Question

If \( x \) is an even integer and \( y = 3x + 5 \), which of the following must be odd?

• A. \( x \)
• B. \( y \)
• C. \( 2x + y \)
• D. \( x + y \)
• E. \( 2y \)

Hint:

If \( x \) is even, any linear combination involving \( x \) and an odd number (like \( y = 3x + 5 \)) will result in an odd number.

Answer 1

The Correct Option is B

Step 1: Since \( x \) is an even integer, we can express it as \( x = 2k \), where \( k \) is an integer. Step 2: Now substitute \( x = 2k \) into the equation \( y = 3x + 5 \): \[ y = 3(2k) + 5 = 6k + 5. \] Since \( 6k \) is even (because it is a multiple of 2) and 5 is odd, the sum \( 6k + 5 \) must be odd. Therefore, \( y \) is always odd.
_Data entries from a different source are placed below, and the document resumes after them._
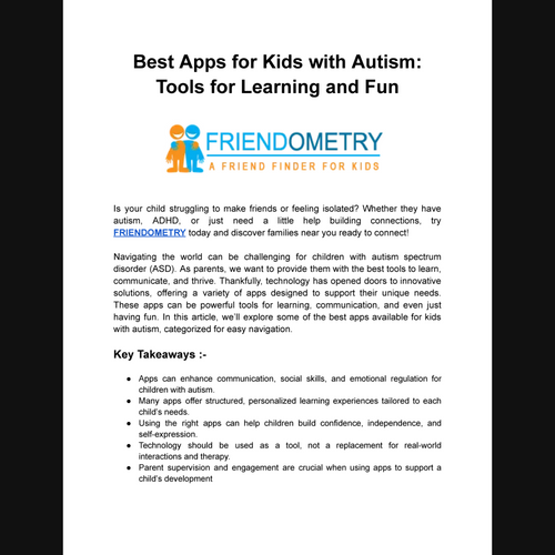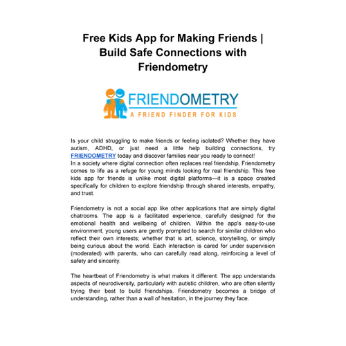 Friendometry helps parents connect with nearby families to create meaningful, in-person friendships for their children. Join our secure and trusted platform to end childhood loneliness and build lasting social connections. Take the first step today! for more information visit :- https://friendometry.com/best-apps-for-kids-with-autism/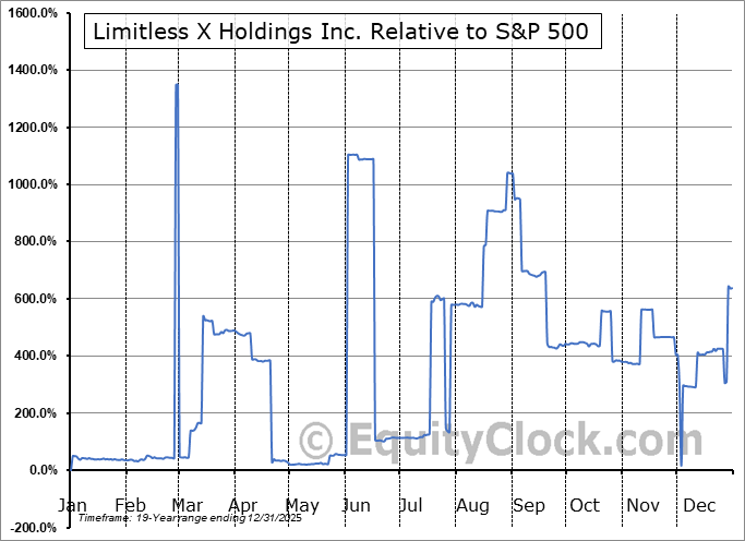 Analysis of the Limitless X Holdings Inc. (OTCMKT:LIMX) seasonal charts above shows that a Buy Date of December 2 and a Sell Date of March 7 has resulted in a geometric average return of 60.47% above the benchmark rate of the S&P 500 Total Return Index over the past 18 years. This seasonal timeframe has shown positive results compared to the benchmark in 14 of those periods. This is a good rate of success and the return strongly outperforms the relative buy-and-hold performance of the stock over the past 18 years by an average of 160.47% per year.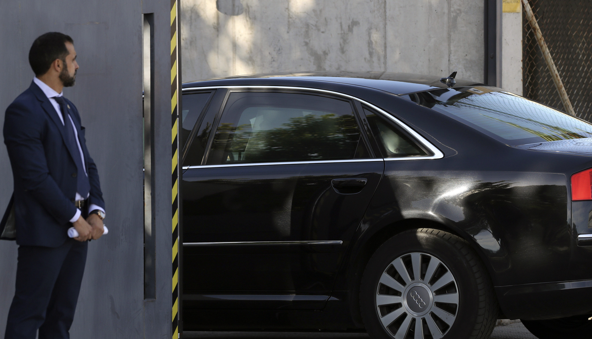 El presidente del Gobierno, Mariano Rajoy, a su llegada en coche a la sede de la Audiencia Nacional en San Fernando de Henares (Madrid) donde prestará declaración como testigo en el juicio por la primera época de la trama de corrupción Gürtel.como testigo en el macrojuicio de corrupción de la trama Gürtel.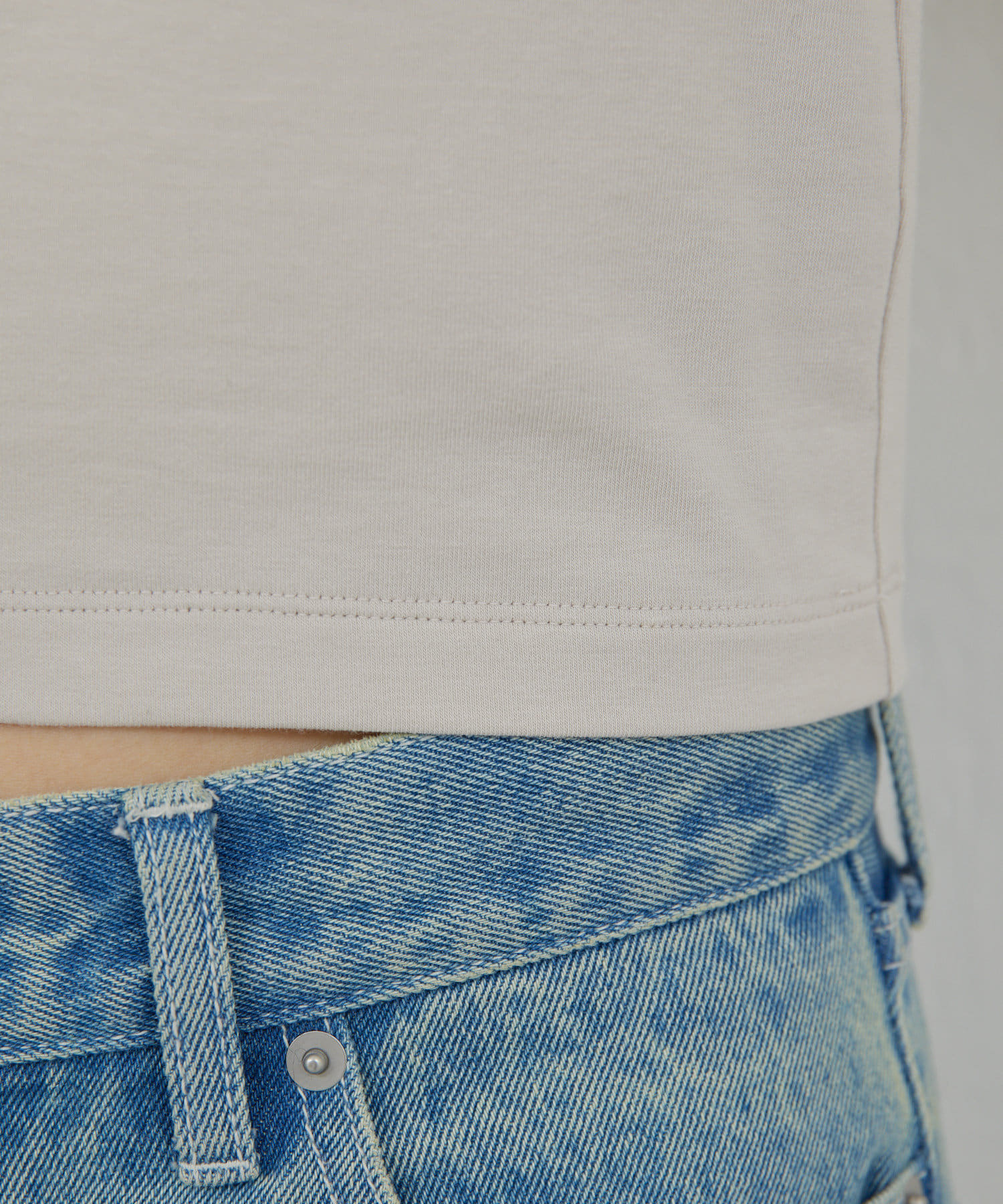 ●ハイウエストボトムと合わせて程よい肌見せが叶うショート丈。

Step 3: Let’s check the other options: - \( x \) is even by assumption. - \( 2x + y = 2(2k) + (6k + 5) = 4k + 6k + 5 = 10k + 5 \). Since \( 10k \) is even and 5 is odd, \( 2x + y \) is odd. - \( x + y = 2k + (6k + 5) = 8k + 5 \). Since \( 8k \) is even and 5 is odd, \( x + y \) is odd. - \( 2y = 2(6k + 5) = 12k + 10 \). Since \( 12k \) is even and 10 is even, \( 2y \) is even. Thus, \( y \) must be odd.